## TASK OBJECTIVE
Give back the full listing as written. No pictures go with it.

## EXERCISE DATA

******************************

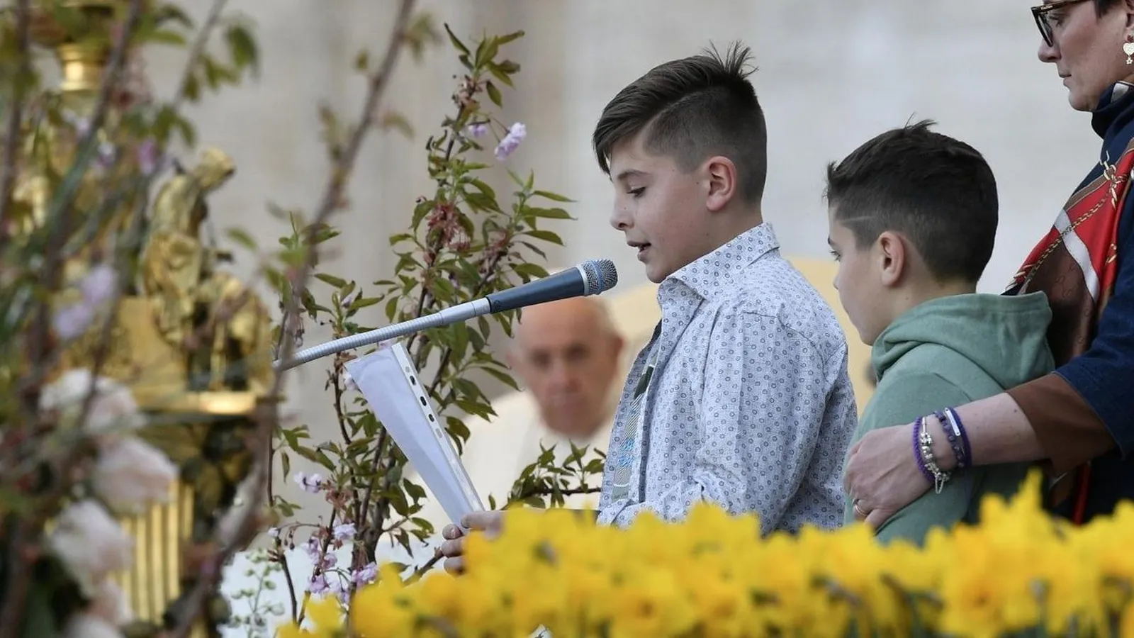Mattia recordó cuando todos se reunían en la iglesia para encender una vela "confiando en que nuestras peticiones serían atendidas o lo feliz que era mi padre cuando cantaba con el coro de la parroquia". Una historia que, con la inmediatez de una experiencia intensamente vivida, llegó al corazón de quienes la escucharon. Con pocas palabras, en pocos minutos, el pequeño Mattia ofreció un gran don: dio testimonio de que el amor de un hijo, la unidad de una familia, la solidaridad de una comunidad de fe pueden ayudar a resistir toda prueba.
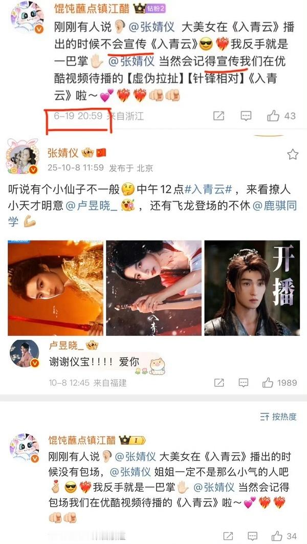怎么看待现在的乞讨式云包场的行为[疑问]?卢昱晓粉丝直接贴脸张婧仪要求还之前给张婧仪电影的云包场,张婧仪发了单独的宣传博+500份云包场之后粉丝还在人家发的宣传博底下贴脸,真的很败好感了
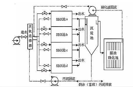 雙循環(huán)兩相生物處理工藝(BICT)是在序批式活性污泥法的基礎上,增設獨立的生物膜硝化反應器,使自養(yǎng)硝化菌與反硝化菌、PAOs 等異養(yǎng)菌分相培養(yǎng),以克服脫氮與除磷間的 SRT 矛盾及硝酸鹽、 DO 干擾釋磷而開發(fā)的污水處理新工藝,其主體單元由厭氧生物選擇器、序批式懸浮污泥主反應器、生物膜硝化反應器組成。
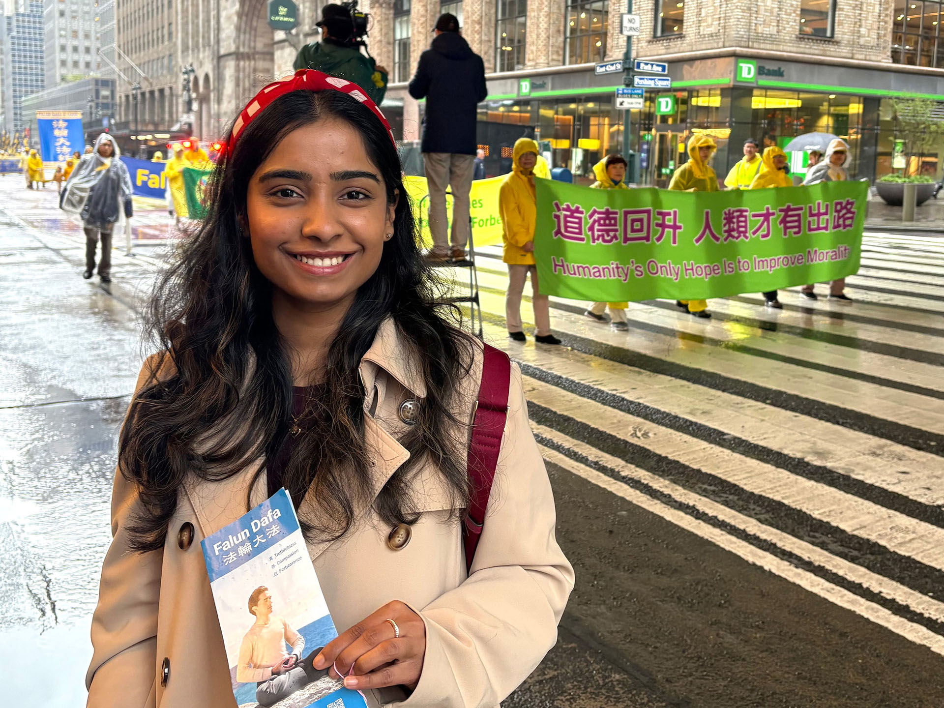 贾恩看到游行队伍中的功法演示,感到炼功动作看起来简单易学,她也想找机会学炼,特别提到自己虽然年轻,但也有背痛等烦恼。她说:“我不知道有这么多人在炼(法轮功),听说他们在蒙特利尔也有教功班,免费而且容易学炼,我也想学。能帮助连结精神和身体,让人更真诚,更能忍耐。”

******************************

## OUTPUT BELOW
Mattia recordó cuando todos se reunían en la iglesia para encender una vela "confiando en que nuestras peticiones serían atendidas o lo feliz que era mi padre cuando cantaba con el coro de la parroquia". Una historia que, con la inmediatez de una experiencia intensamente vivida, llegó al corazón de quienes la escucharon. Con pocas palabras, en pocos minutos, el pequeño Mattia ofreció un gran don: dio testimonio de que el amor de un hijo, la unidad de una familia, la solidaridad de una comunidad de fe pueden ayudar a resistir toda prueba.
怎么看待现在的乞讨式云包场的行为[疑问]?卢昱晓粉丝直接贴脸张婧仪要求还之前给张婧仪电影的云包场,张婧仪发了单独的宣传博+500份云包场之后粉丝还在人家发的宣传博底下贴脸,真的很败好感了
 雙循環(huán)兩相生物處理工藝(BICT)是在序批式活性污泥法的基礎上,增設獨立的生物膜硝化反應器,使自養(yǎng)硝化菌與反硝化菌、PAOs 等異養(yǎng)菌分相培養(yǎng),以克服脫氮與除磷間的 SRT 矛盾及硝酸鹽、 DO 干擾釋磷而開發(fā)的污水處理新工藝,其主體單元由厭氧生物選擇器、序批式懸浮污泥主反應器、生物膜硝化反應器組成。
 贾恩看到游行队伍中的功法演示,感到炼功动作看起来简单易学,她也想找机会学炼,特别提到自己虽然年轻,但也有背痛等烦恼。她说:“我不知道有这么多人在炼(法轮功),听说他们在蒙特利尔也有教功班,免费而且容易学炼,我也想学。能帮助连结精神和身体,让人更真诚,更能忍耐。”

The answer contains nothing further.